Here's the dream we have: that we will fall in love with somebody, and that love relationship will defy the odds and lead to lasting happiness. The airwaves are full of songs about love. Most movies - even ones about sinking ships and the Pearl Harbor invasion - are about this type of love. Explain it how you'd like - physical attraction, bio-chemical impulses, falling in love - but romantic love is part of our world.
I don't want to put romantic love down. Romantic love is a gift from God. In Biblical times, marriages weren't always the result of romantic love, but you still get glimpses of romance as you read the stories of the Bible.

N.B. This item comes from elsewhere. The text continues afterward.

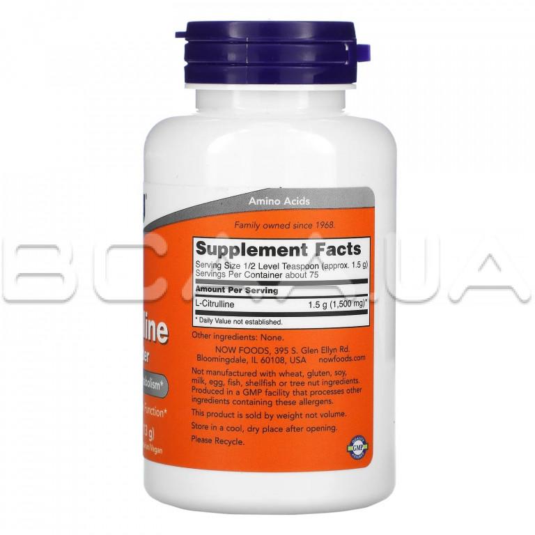 Описание Now Foods, L-Citrulline (Цитруллин), Pure Powder, 113 g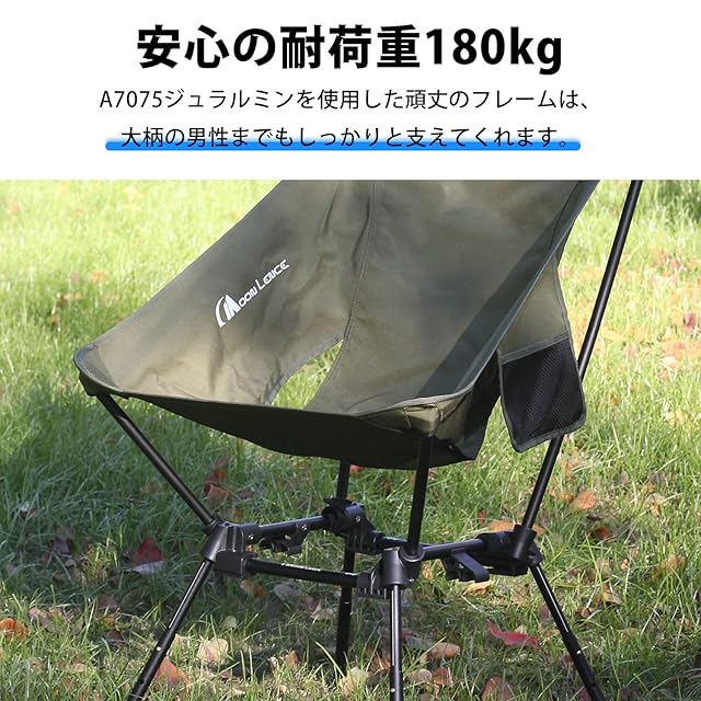 【静止耐荷重180KG】アルミ合金の中でもトップクラスの強度を持つA7075超々ジュラルミンを使用し、 椅子の耐久性をしながら、180kgの静止耐荷重も実現しています。

You see Jacob working fourteen years to marry the woman that he loves. The Song of Solomon is one a book of romance and passion, so risqu‚ that in the third century, Origen, an early church father, wouldn't let new Christians read it. Proverbs 30 says that one of the most amazing and mysterious things to understand is "how a man loves a woman" (Proverbs 30:19). Romance is certainly a gift from God to be celebrated and enjoyed.
There are limits to romance, though. Romantic love is that it's a feeling that ebbs and flows, that depends on circumstances. It comes and goes, and a relationship that is built purely on romance is a relationship that will not last. There comes a time when you look at your lover and ask, "What in the world did I see in him?" There comes a time when guys say something stupid like in this Herman cartoon: "Of course I love you. Why else would I eat your cooking?" Or that a wife will give her husband a card like this one for Father's Day: "For Father's Day, let's do something different tonight. How about you cook dinner, and I'll watch TV in my underwear?"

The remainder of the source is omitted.